Exercise prompt =>
Starting at the top of the records below, write out each line exactly as it stands, stopping after the line with "商品名称:宠物精灵皮卡丘钥匙扣玩偶挂件 旋转设计有趣好玩 活动小礼品送什么能吸引人"; exclude the pictures.

[Extracted data entries]
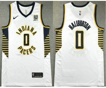 Men's Indiana Pacers #0 Tyrese Haliburton White Association Edition Sponsor Stitched Jersey
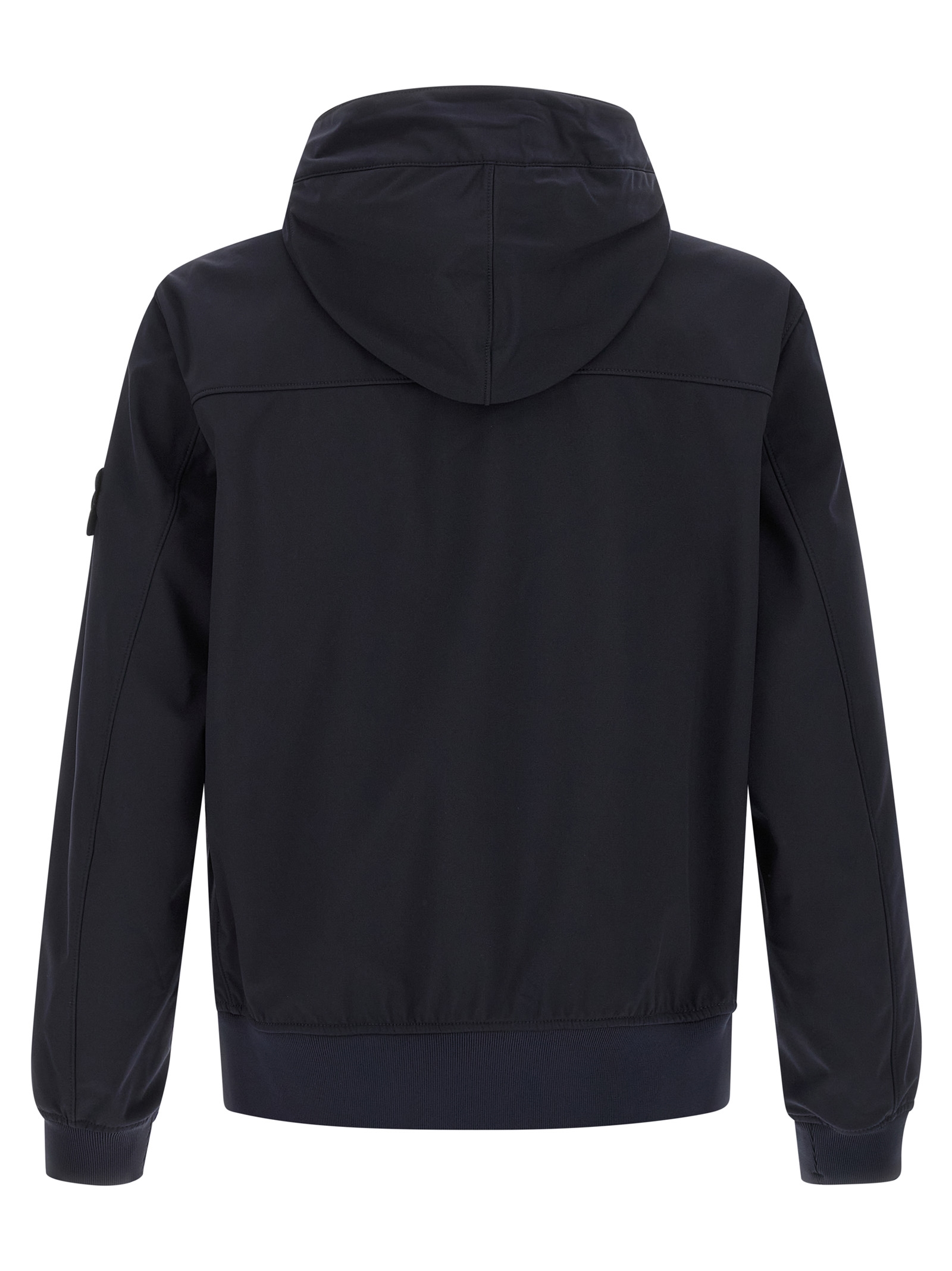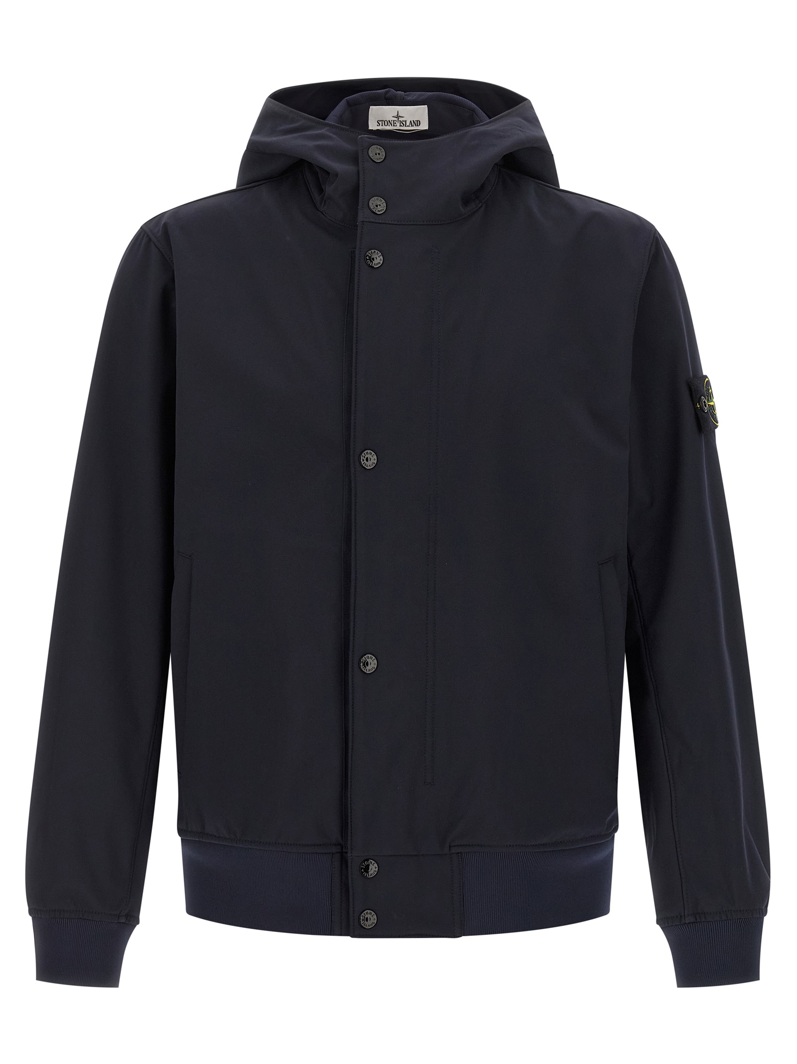 ‘4100118’ jacket in three-layer technical material with 8000 mm water column with outer part in stretch polyester canvas woven with e.dye® Waterless Color System™ technology yarns and textured polyester jersey inner part with breathable and water and wind resistant membrane, adjustable hood, high neck, zip closure and front snap buttons, pockets, long sleeves with cuffs, logo badge appliqué, band on the hem.
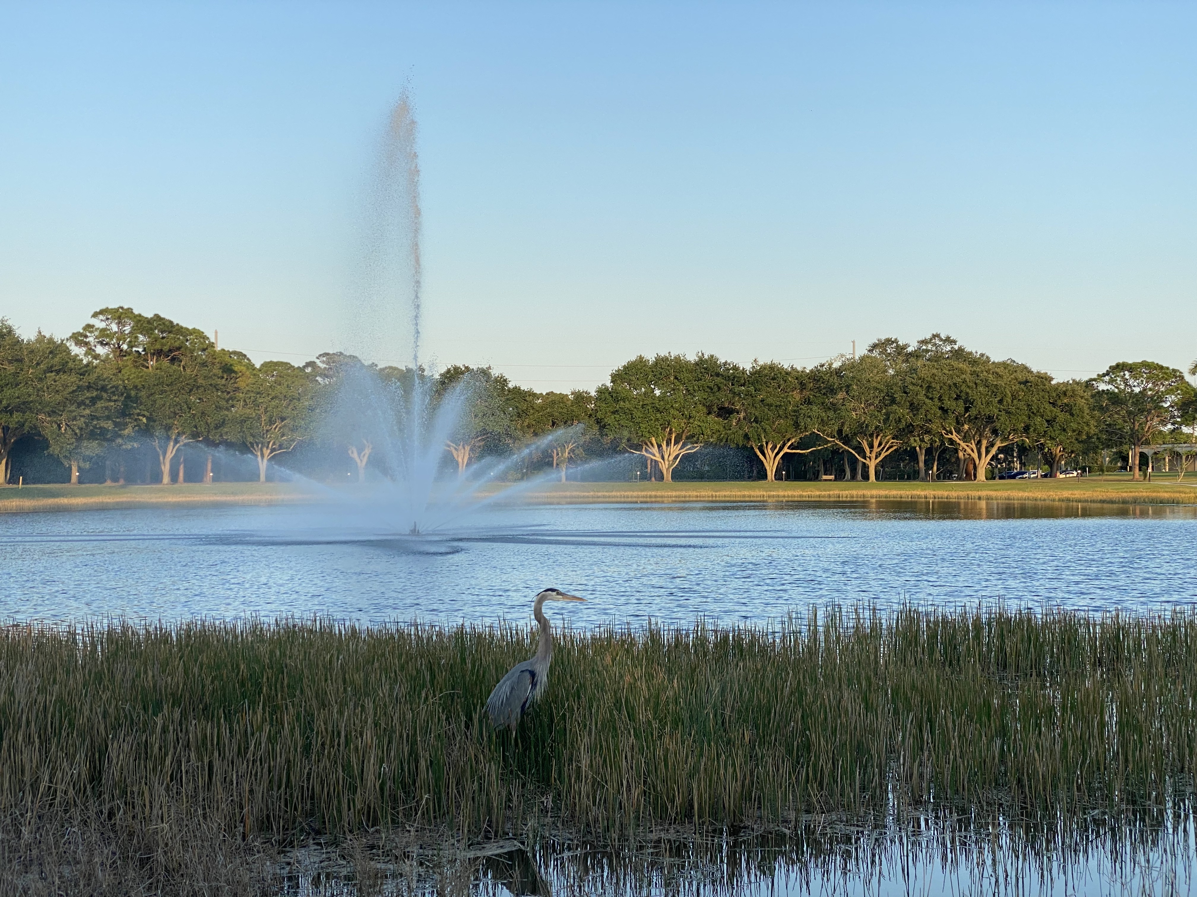 Photo: Taking some time to ponder and enjoying the company of a Blue Heron. St. Vincent de Paul Regional Seminary, Boynton Beach, FL.
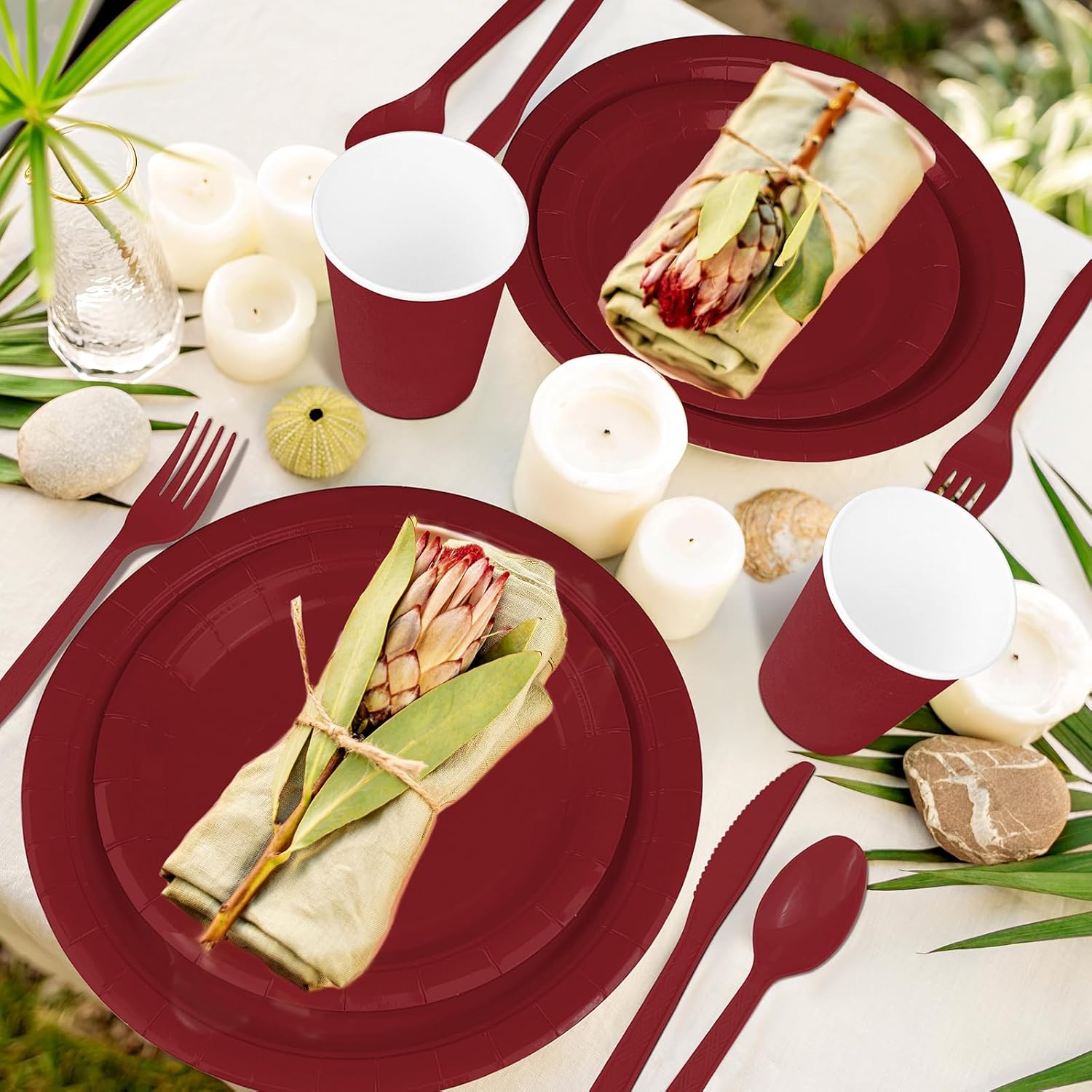 • Burgundy Party Supply Set: The burgundy party supply set with 30 each of 9 inch burgundy paper plate, 7 inch party paper plates, 9 oz paper cups, plastic forks, spoons, knives, and 48 pieces paper napkins, party plates set ensures table is ready for party
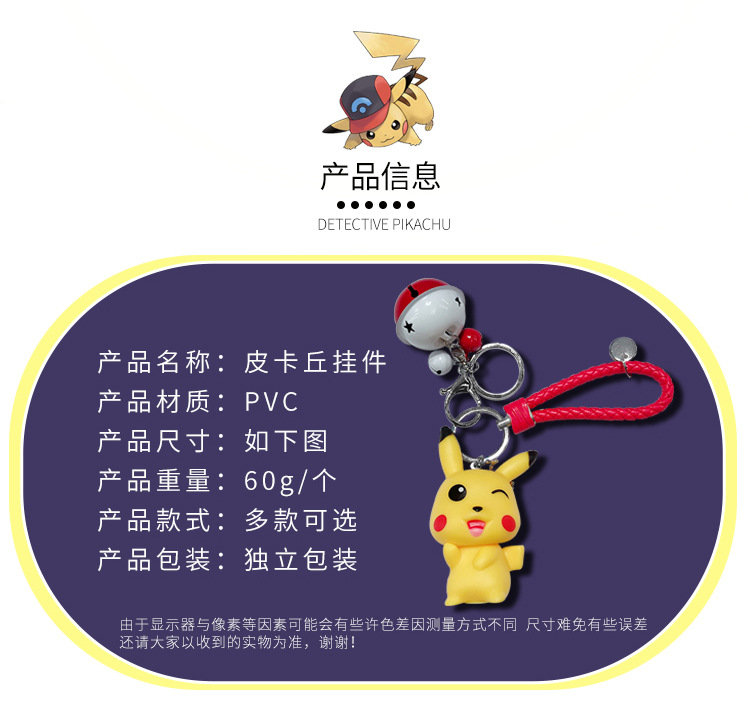 商品名称:宠物精灵皮卡丘钥匙扣玩偶挂件 旋转设计有趣好玩 活动小礼品送什么能吸引人
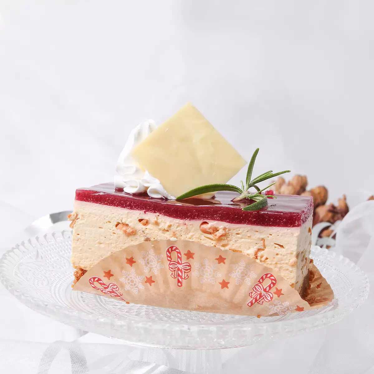 Puolukka kinuskileivokset sisältävät lempeän mausteisista pipareista tehdyn keksipohjan, pehmeää kinuskimoussea sekä aidosti marjaisan puolukkakiilteen. Nämä joulun väriset leivokset kruunataan tuoreella rosmariinilla sekä belgialaisella valkosuklaalla elegantiksi ja näyttäväksi kokonaisuudeksi.
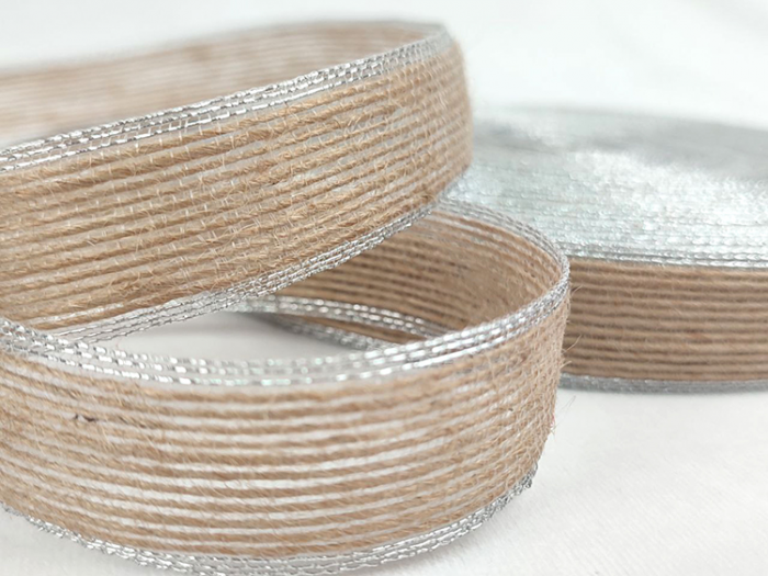 Стрічка джутова 2,5 см, зі срібними краями, 50 м в рул.

Solution to this exercise =>
 Men's Indiana Pacers #0 Tyrese Haliburton White Association Edition Sponsor Stitched Jersey
 ‘4100118’ jacket in three-layer technical material with 8000 mm water column with outer part in stretch polyester canvas woven with e.dye® Waterless Color System™ technology yarns and textured polyester jersey inner part with breathable and water and wind resistant membrane, adjustable hood, high neck, zip closure and front snap buttons, pockets, long sleeves with cuffs, logo badge appliqué, band on the hem.
 Photo: Taking some time to ponder and enjoying the company of a Blue Heron. St. Vincent de Paul Regional Seminary, Boynton Beach, FL.
 • Burgundy Party Supply Set: The burgundy party supply set with 30 each of 9 inch burgundy paper plate, 7 inch party paper plates, 9 oz paper cups, plastic forks, spoons, knives, and 48 pieces paper napkins, party plates set ensures table is ready for party
 商品名称:宠物精灵皮卡丘钥匙扣玩偶挂件 旋转设计有趣好玩 活动小礼品送什么能吸引人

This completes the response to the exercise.